Interstitial K+ ([K+]o) regulation is required to counteract activity-induced increases in [K+]o that result from release of K+ from neural compartments. Such buffering has been assumed as the sole responsibility of astrocytes in central tissue. Astrocytes display a range of transporters, pumps, and ion channels that facilitate this buffering. Evolution has taken advantage of such transient [K+]o elevations which act as a molecule signalling astrocytes a neuronal need for energy substrate, provided by lactate release from astrocytes.
The ex vivo optic nerves from 74 adult female CD-1 mice were sustained in a superfusion chamber bathed with artificial cerebrospinal fluid (aCSF) containing 3 mM [K+] and 95% O2 to support conduction over a period of many hours. All experiments were approved by the University of Nottingham Animal Care and Ethics Committee and were carried out in accordance with the Animals (Scientific Procedures) Act 1986 under the appropriate authority of establishment (NON ASPA 2321). The stimulus evoked compound action potential (CAP) and [K+]o were simultaneously recorded with suction electrodes, and ion sensitive micro-electrodes, respectively.

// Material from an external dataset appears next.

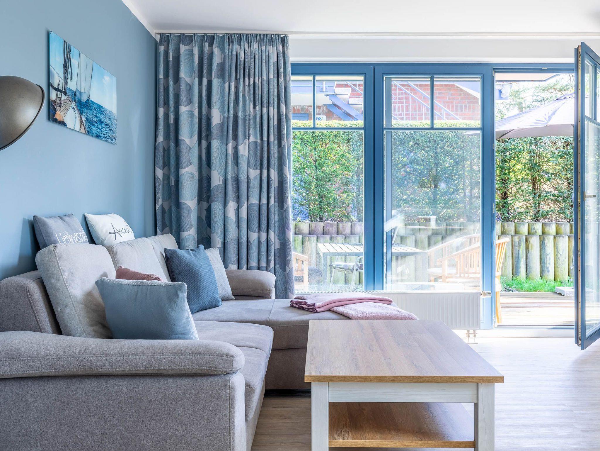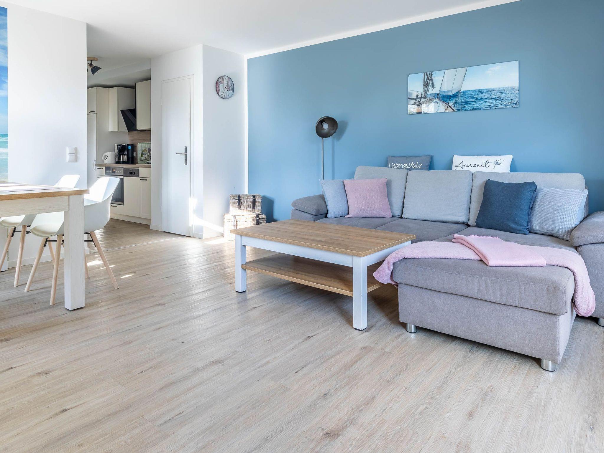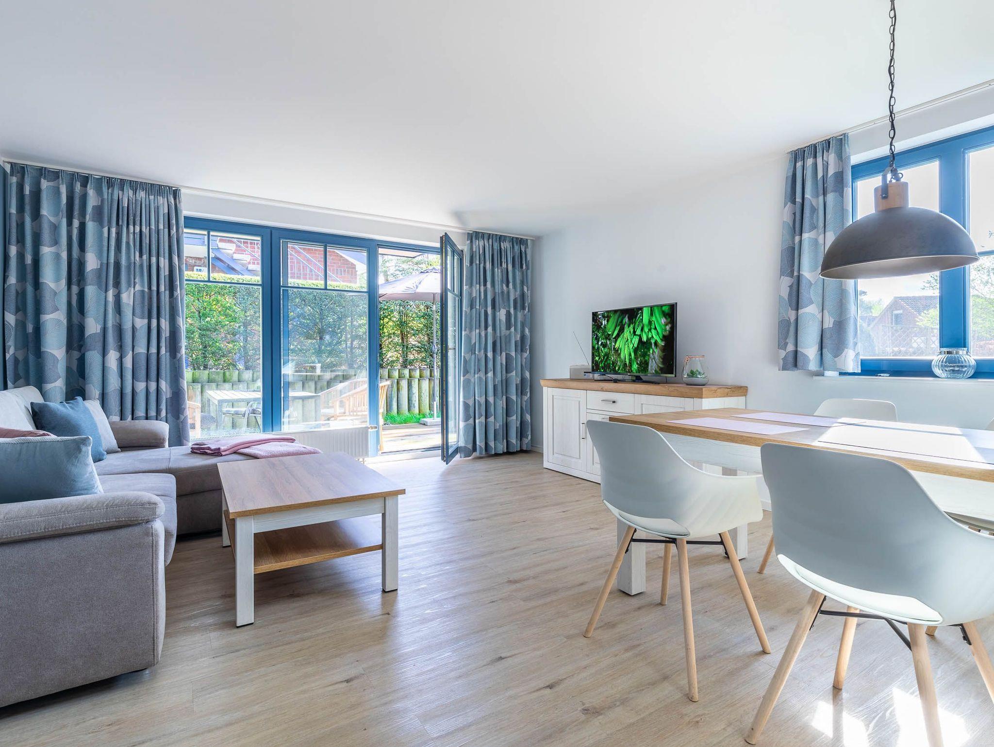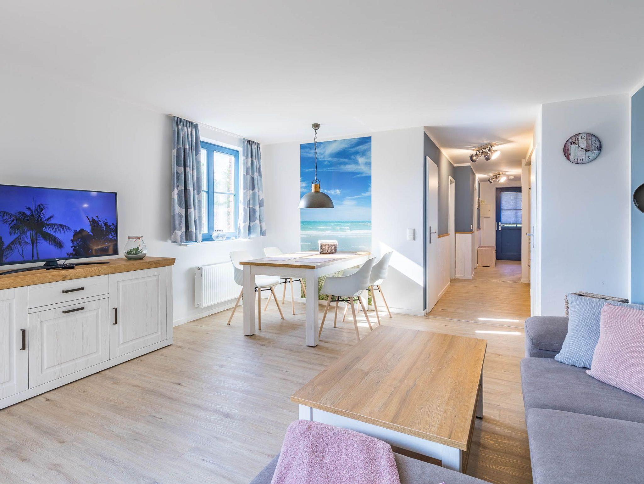 Die Wohnung wurde im Jahr 2020 umfassend renoviert und liebevoll im Landhausstil bzw. Skandinavischen Stil eingerichtet. Zur Ferienwohnung gehört ein kombinierter Wohn- und Essbereich mit einem bequemen Sofa, SAT-TV und Radio sowie einer schönen Essecke, wo Sie gemeinsam Ihre Mahlzeiten einnehmen können.

When the ex vivo mouse optic nerve was exposed to a stress aCSF that contained elevated [K+] (9 mM) with glucose substituted by lactate, unique spontaneous recurrent reciprocal [K+]o and CAP oscillations occurred. The oscillations started within 9.1 ± 5.6 min (n = 11) of exposure to stress aCSF, at a frequency of 0.34 ± 0.06 min−1, and lasted for several hours. Powerful buffering ensured that [K+]o did not match aCSF [K+], e.g. in 9 mM aCSF [K+] the [K+]o was 4.44 ± 1.3 mM (n = 4). The mechanism of the oscillations was deduced via application of metabolic inhibitors, and transporter and ion channel blockers. The onset of the oscillations coincided with cessation of astrocytic metabolism, where the CAP fell coincident with an elevation in interstitial [K+]o at a rate of 2.72 ± 1.31mM min−1 (n = 5) towards aCSF [K+]. This elevated [K+]o activated voltage gated Na+ channels, leading to axonal Na+ influx and activation of the axonal Na-K ATPase. The resulting Na+ efflux from the axon to the interstitial space was matched with an influx of K+ from the interstitial space into the axon, reflected in a fall in [K+]o at a rate of 1.40 ± 0.71mM min−1 (n = 5). This was a transient effect, which stopped when [K+]o fell below the threshold required for Na+ channel activation.
This cyclical oscillatory behaviour continued indefinitely until either glucose (n = 6) or 3 mM K+ (n = 5) were restored to the aCSF. These oscillations exposed the inability of astrocytes to utilise interstitial lactate as a energy substrate, and also highlighted the previously unrecognised extremely powerful axonal [K+]o buffering.